Valence bond theory describes a covalent bond as the overlap of singly-occupied atomic orbitals that yield a pair of electrons shared between the two bonded atoms. We say that orbitals on two different atoms overlap when a portion of one orbital and a portion of a second orbital occupy the same region of space. According to valence bond theory, a covalent bond results when two conditions are met: (1) an orbital on one atom overlaps an orbital on a second atom and (2) the single electrons in each orbital combine to form an electron pair. The mutual attraction between this negatively charged electron pair and the two atoms’ positively charged nuclei contributes to the link between the two atoms that we define as a covalent bond. The strength of a covalent bond depends on the extent of overlap of the orbitals involved. Orbitals that overlap extensively form bonds that are stronger than those that have less overlap.
The energy of the system depends on how much the orbitals overlap. Figure 1 illustrates how the sum of the energies of two hydrogen atoms (the colored curve) changes as they approach each other. When the atoms are infinitely far apart there is no overlap, and by convention we set the sum of the energies at zero. Even at large distances between the atoms there is some small stabilizing interaction which is why the graph only approaches zero at real distances. As the atoms move closer together, their orbitals overlap more effectively forming a stronger covalent bond between the nuclei, which lowers the energy of the system. Covalent bond formation stabilizes the system until the optimum bond distance is achieved. At distances closer than the optimum bond distance, the nuclear-nuclear repulsion of the two nuclei increase and destabilize the system, as shown at the far left of Figure 1. The optimum bond distance is largely due to a compromise between two opposing factors, orbital overlap stabilizing the system and nuclear-nuclear repulsion destabilizing the system as the internuclear distance decreases.

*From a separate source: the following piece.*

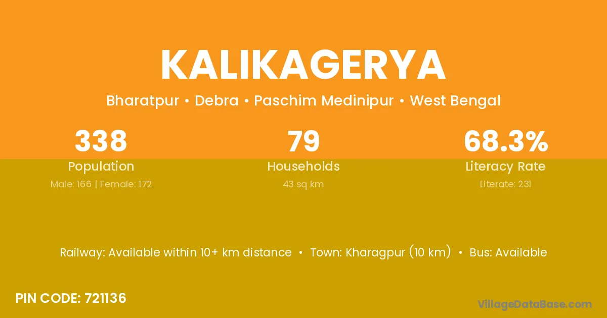 Kharagpur (10 km) is the nearest town to Kalikagerya village for major economic activities and is located approximately 10 km away.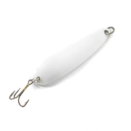 Masyvi, storų sienelių metalinė konstrukcija leidžia 21g (3/4oz) Krocodile Die #5 pasiekti didelius atstumus metant arba nerti į reikšmingą gylį velkiaujant. Šis 8,5cm (3 1/4") modelis pasižymi švaria, vientisa balta apdaila, kuri užtikrina didelio kontrasto profilį įvairiomis vandens sąlygomis. Kitoje masalo pusėje matomas gilus 'KROCODILE DIE #5' įspaudas kartu su Luhr Jensen prekės ženklu ir kilmės vieta – Hood River, Oregonas, o tai aiškus JAV gamybos įrodymas. Die #5 serijai būdingas storesnis ir siauresnis profilis traukiant sukuria ryškų siūbuojantį judesį, imituojantį gyvą masalą. Originali furnitūra, įskaitant trišakį kabliuką ir žiedelius, išlieka puikios 5/5 būklės. Kataloge pažymėta produkto kodu 1792, vientisa balta danga yra pagrindinis žvejų pasirinkimas, kai reikia matomumo esant debesuotumui ar drumstam vandeniui. Įspaustos detalės įgaubtoje pusėje išlieka ryškios ir įskaitomos, pabrėžiant praktišką šio klasikinio Luhr Jensen masalo dizainą.

The bond energy is the difference between the energy minimum (which occurs at the bond distance) and the energy of the two separated atoms. This is the quantity of energy released when the bond is formed. Conversely, the same amount of energy is required to break the bond. For the H2 molecule shown in Figure 1, at the bond distance of 74 pm the system is 7.24 × 10−19 J lower in energy than the two separated hydrogen atoms. This may seem like a small number. However, we know from our earlier description of thermochemistry that bond energies are often discussed on a per-mole basis. For example, it requires 7.24 × 10−19 J to break one H–H bond, but it takes 4.36 × 105 J to break 1 mole of H–H bonds. A comparison of some bond lengths and energies is shown in Table 1. We can find many of these bonds in a variety of molecules, and this table provides average values. For example, breaking the first C–H bond in CH4 requires 439.3 kJ/mol, while breaking the first C–H bond in H–CH2C6H5 (a common paint thinner) requires 375.5 kJ/mol.

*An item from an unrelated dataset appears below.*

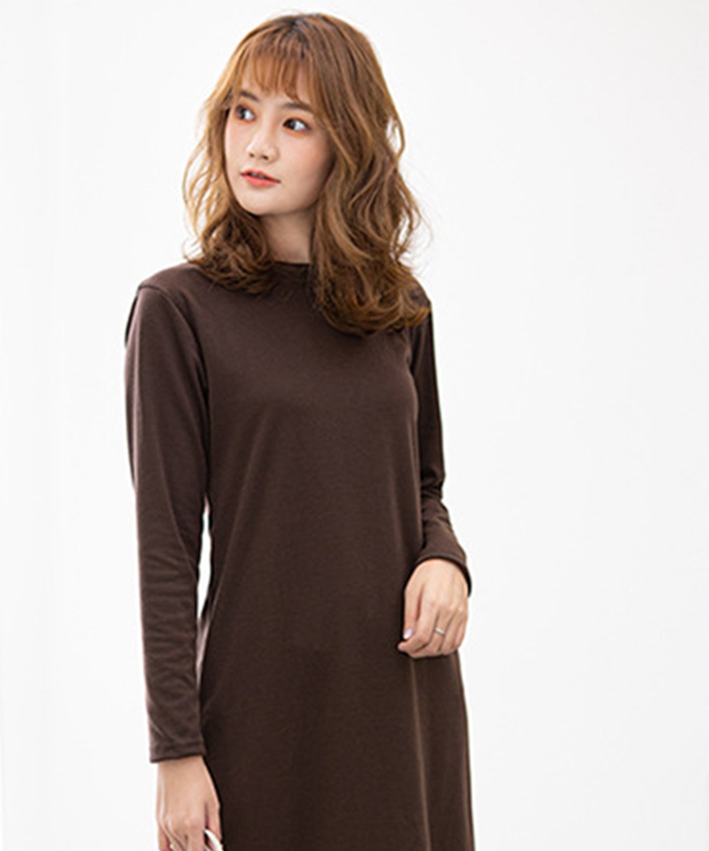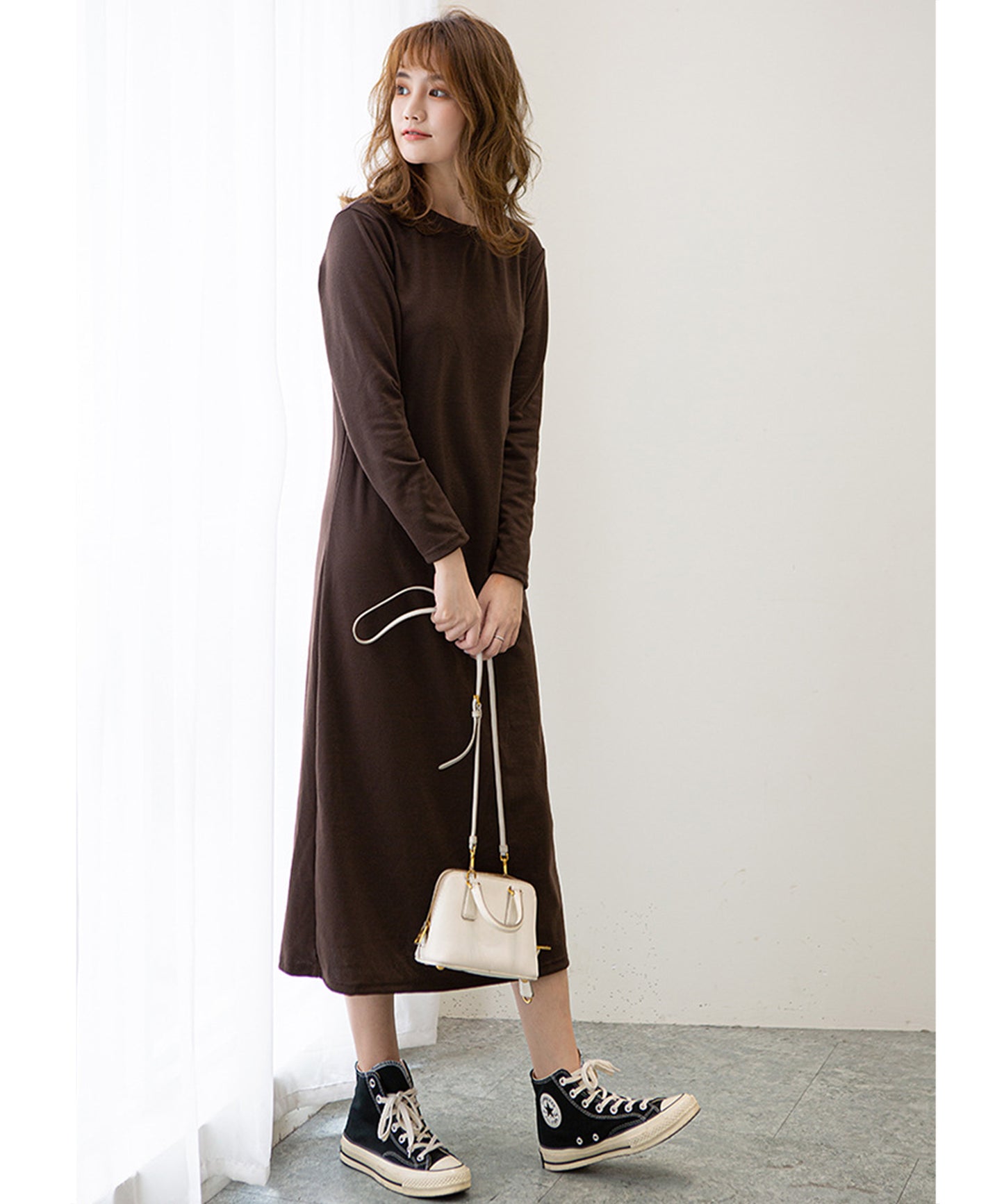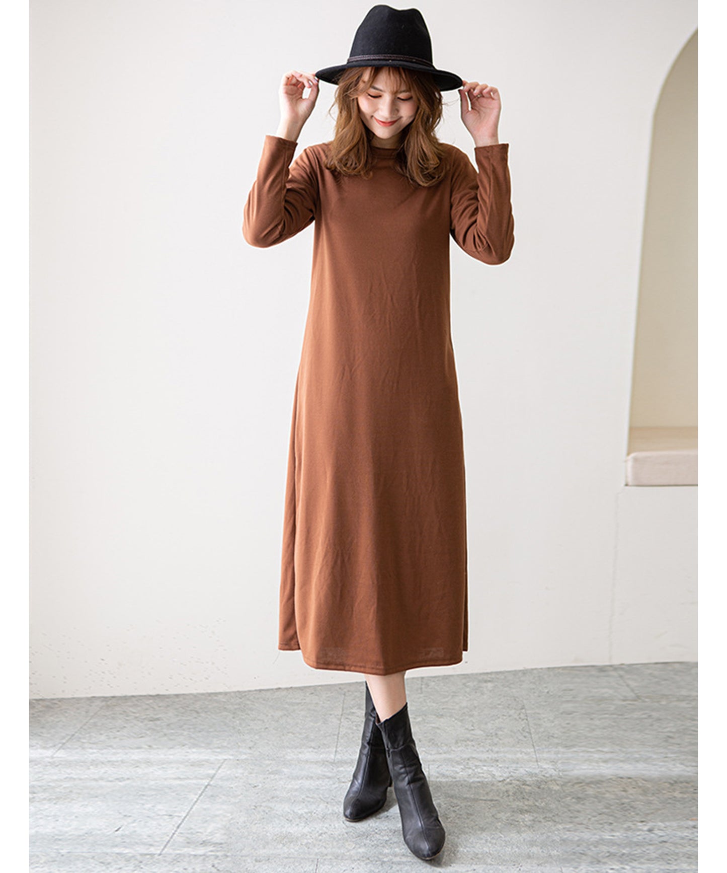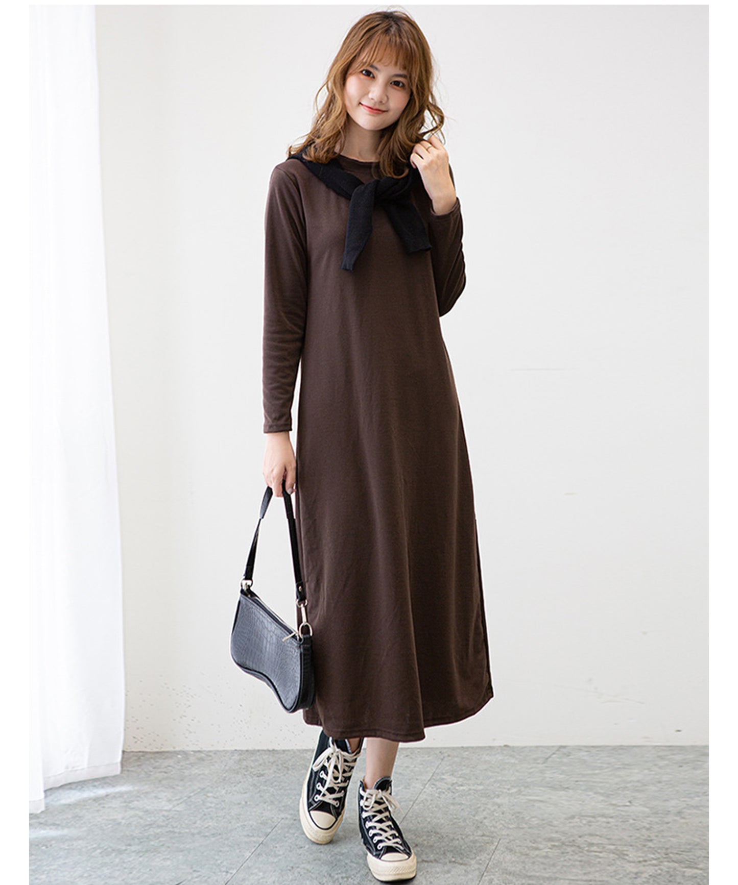 長袖ロング丈無地ワンピース

|Bond||Length (pm)||Energy (kJ/mol)||Bond||Length (pm)||Energy (kJ/mol)|
|Table 1. Representative Bond Energies and Lengths|
In addition to the distance between two orbitals, the orientation of orbitals also affects their overlap (other than for two s orbitals, which are spherically symmetric). Greater overlap is possible when orbitals are oriented such that they overlap on a direct line between the two nuclei. Figure 2 illustrates this for two p orbitals from different atoms; the overlap is greater when the orbitals overlap end to end rather than at an angle.

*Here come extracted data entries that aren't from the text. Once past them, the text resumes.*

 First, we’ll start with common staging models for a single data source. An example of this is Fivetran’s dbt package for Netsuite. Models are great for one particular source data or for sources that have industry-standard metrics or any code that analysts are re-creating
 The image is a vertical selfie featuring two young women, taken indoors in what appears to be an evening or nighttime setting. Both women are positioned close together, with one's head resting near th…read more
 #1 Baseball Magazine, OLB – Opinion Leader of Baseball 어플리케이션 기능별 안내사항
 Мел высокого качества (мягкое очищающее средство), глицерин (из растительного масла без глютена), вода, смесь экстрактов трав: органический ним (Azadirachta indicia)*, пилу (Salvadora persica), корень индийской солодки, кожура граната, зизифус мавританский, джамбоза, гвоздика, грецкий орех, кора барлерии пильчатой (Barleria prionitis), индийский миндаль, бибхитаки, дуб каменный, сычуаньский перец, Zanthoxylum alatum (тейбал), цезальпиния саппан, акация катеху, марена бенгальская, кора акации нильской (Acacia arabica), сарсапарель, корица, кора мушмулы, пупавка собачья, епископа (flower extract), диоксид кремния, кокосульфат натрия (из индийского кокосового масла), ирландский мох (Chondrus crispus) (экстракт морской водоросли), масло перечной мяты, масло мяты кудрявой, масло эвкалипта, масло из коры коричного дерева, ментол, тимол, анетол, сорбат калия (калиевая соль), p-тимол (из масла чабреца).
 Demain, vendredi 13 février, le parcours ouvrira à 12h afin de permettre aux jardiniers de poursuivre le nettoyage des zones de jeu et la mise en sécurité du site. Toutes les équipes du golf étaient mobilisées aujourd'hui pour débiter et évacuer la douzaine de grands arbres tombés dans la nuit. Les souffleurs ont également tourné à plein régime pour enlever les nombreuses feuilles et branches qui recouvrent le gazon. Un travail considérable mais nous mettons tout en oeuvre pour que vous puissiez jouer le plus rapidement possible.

Thinking in terms of overlapping atomic orbitals is one way for us to explain how chemical bonds form in diatomic molecules. However, to understand how molecules with more than two atoms form stable bonds, we require a more detailed model. As an example, let us consider the water molecule, in which we have one oxygen atom bonding to two hydrogen atoms. Oxygen has the electron configuration 1s22s22p4, with two unpaired electrons (one in each of two 2p orbitals). Valence bond theory would predict that the two O–H bonds form from the overlap of these two 2p orbitals with the 1s orbitals of the hydrogen atoms. If this were the case, the bond angle would be 90°, as shown in Figure 3, because p orbitals are perpendicular to each other. Experimental evidence shows that the bond angle is 104.5°, not 90°. The prediction of the valence bond theory alone does not match the real-world observations of a water molecule; a different model is needed.
Quantum-mechanical calculations suggest why the observed bond angles in H2O differ from those predicted by the overlap of the 1s orbital of the hydrogen atoms with the 2p orbitals of the oxygen atom. The mathematical expression known as the wave function, ψ, contains information about each orbital and the wavelike properties of electrons in an isolated atom. When atoms are bound together in a molecule, the wave functions combine to produce new mathematical descriptions that have different shapes. This process of combining the wave functions for atomic orbitals is called hybridization and is mathematically accomplished by the linear combination of atomic orbitals, LCAO, (a technique that we will encounter again later). The new orbitals that result are called hybrid orbitals. The valence orbitals in an isolated oxygen atom are a 2s orbital and three 2p orbitals. The valence orbitals in an oxygen atom in a water molecule differ; they consist of four equivalent hybrid orbitals that point approximately toward the corners of a tetrahedron (Figure 4). Consequently, the overlap of the O and H orbitals should result in a tetrahedral bond angle (109.5°).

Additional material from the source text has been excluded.